■ **What is being asked**
Leave the pictures behind and repeat all the entries exactly.

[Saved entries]
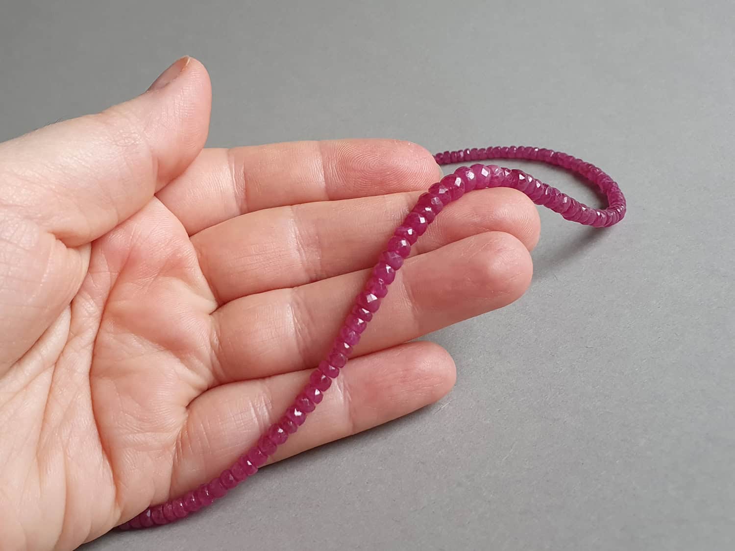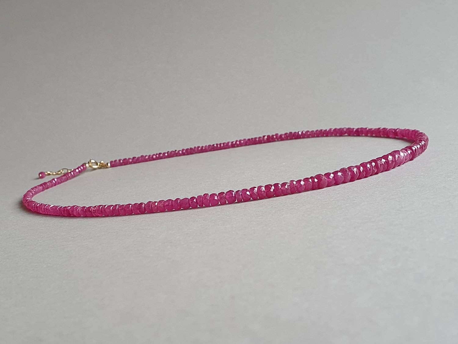 Colier confecționat folosind elemente din aur filat și rondele fațetate de 3-5 mm din rubin prețios, natural, netratat termic. Colierul este disponibil în trei lungimi – la plasarea comenzii vă rugăm să alegeți din meniu lungimea dorită. Prevăzut cu lănțișor prelungitor. Disponibil și în varianta cu argint sau aur filat roz. Mai multe informații legate de aurul filat (gold filled), aici.
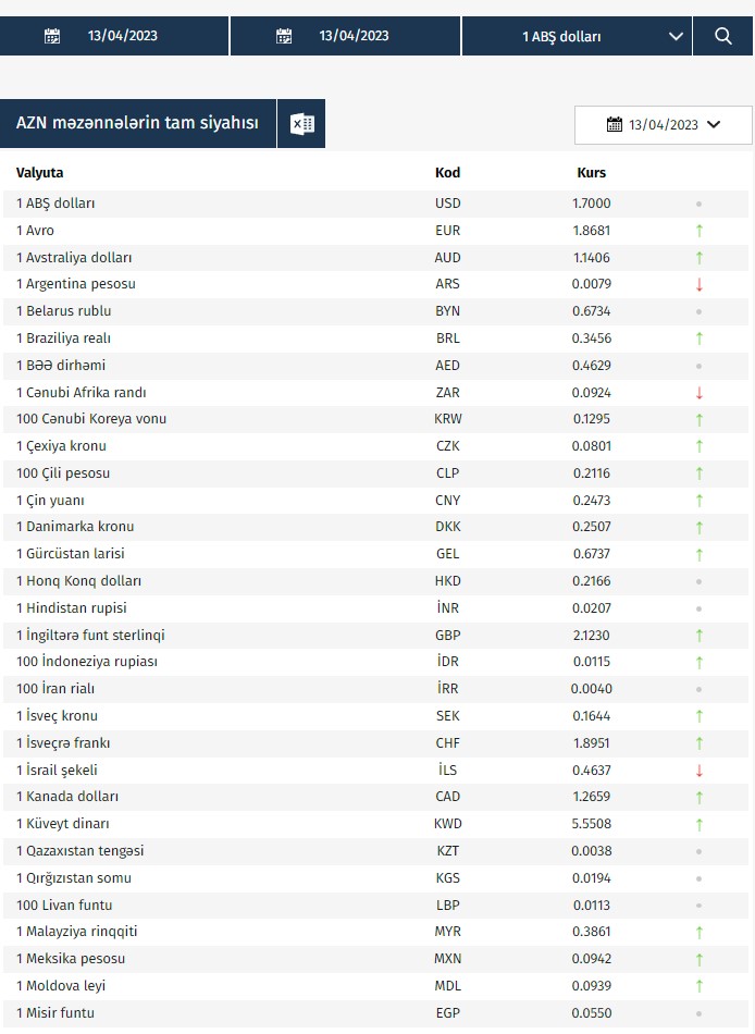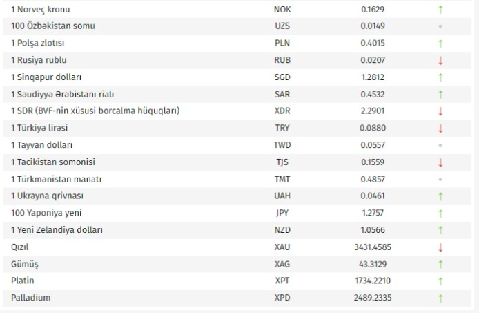 Dolların bazar ertəsi üçün rəsmi məzənnəsi müəyyən olunub
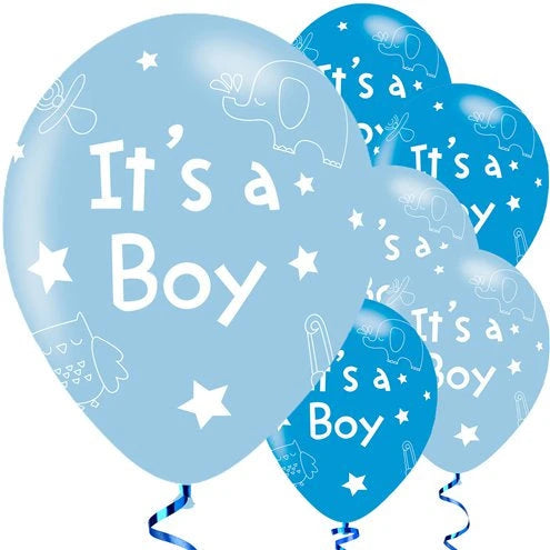 6 pack of It's A Boy Latex Balloons. Asst Colours.
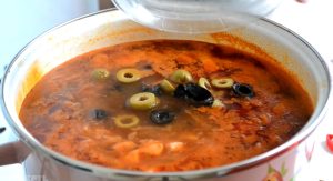 Kyselá polévka Soljanka s vepřovým masem a olivami
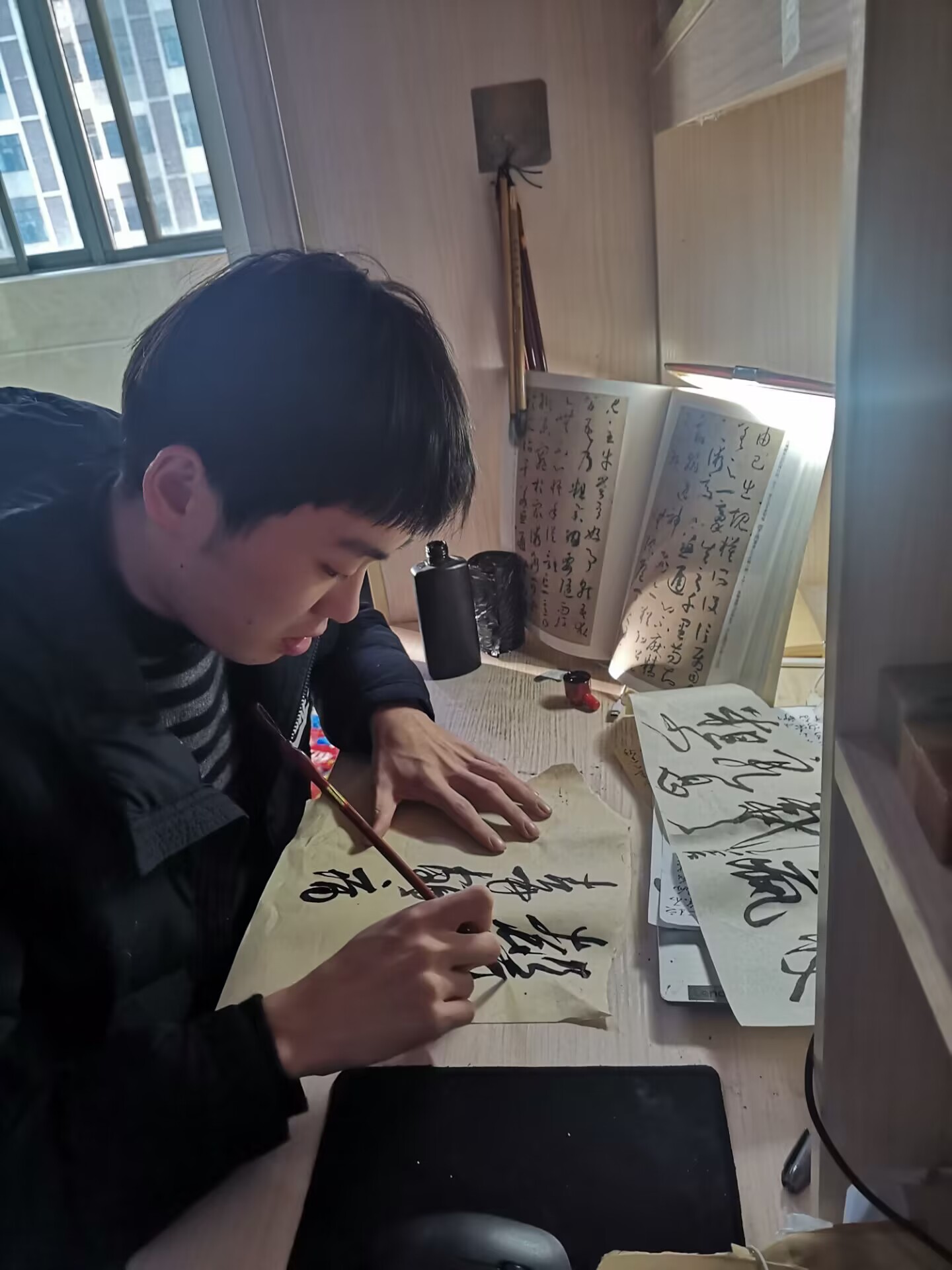 陶乐乐对学习充满热情,善于钻研,乐于将所学的知识融汇贯通并总结出一套自己的学习体系来丰富自己的学识境界。他具有丰富的想象力和创造力,在团队设计专利“数字化供水业务服务平台”的过程中,他提出了用“高斯曲线模型”和“数学方位视角”来解决其中一项有关客户体验感提升方法的问题。他曾以个人名义参加了“第二届安徽省大学生品牌创意设计大赛”A类赛事,并取得了省一等奖。他还十分痴迷于书法艺术,尤爱晋唐时期的潇洒书风。在任职“星空线上平台(集团)官方网站书美协会副会长”期间,他举办了书法知识竞赛、书法创作分享大会、书法艺术展等多项活动,除此之外,他还计划申请加入中国书法协会。

■ **Output of the exercise**
 Colier confecționat folosind elemente din aur filat și rondele fațetate de 3-5 mm din rubin prețios, natural, netratat termic. Colierul este disponibil în trei lungimi – la plasarea comenzii vă rugăm să alegeți din meniu lungimea dorită. Prevăzut cu lănțișor prelungitor. Disponibil și în varianta cu argint sau aur filat roz. Mai multe informații legate de aurul filat (gold filled), aici.
 Dolların bazar ertəsi üçün rəsmi məzənnəsi müəyyən olunub
 6 pack of It's A Boy Latex Balloons. Asst Colours.
 Kyselá polévka Soljanka s vepřovým masem a olivami
 陶乐乐对学习充满热情,善于钻研,乐于将所学的知识融汇贯通并总结出一套自己的学习体系来丰富自己的学识境界。他具有丰富的想象力和创造力,在团队设计专利“数字化供水业务服务平台”的过程中,他提出了用“高斯曲线模型”和“数学方位视角”来解决其中一项有关客户体验感提升方法的问题。他曾以个人名义参加了“第二届安徽省大学生品牌创意设计大赛”A类赛事,并取得了省一等奖。他还十分痴迷于书法艺术,尤爱晋唐时期的潇洒书风。在任职“星空线上平台(集团)官方网站书美协会副会长”期间,他举办了书法知识竞赛、书法创作分享大会、书法艺术展等多项活动,除此之外,他还计划申请加入中国书法协会。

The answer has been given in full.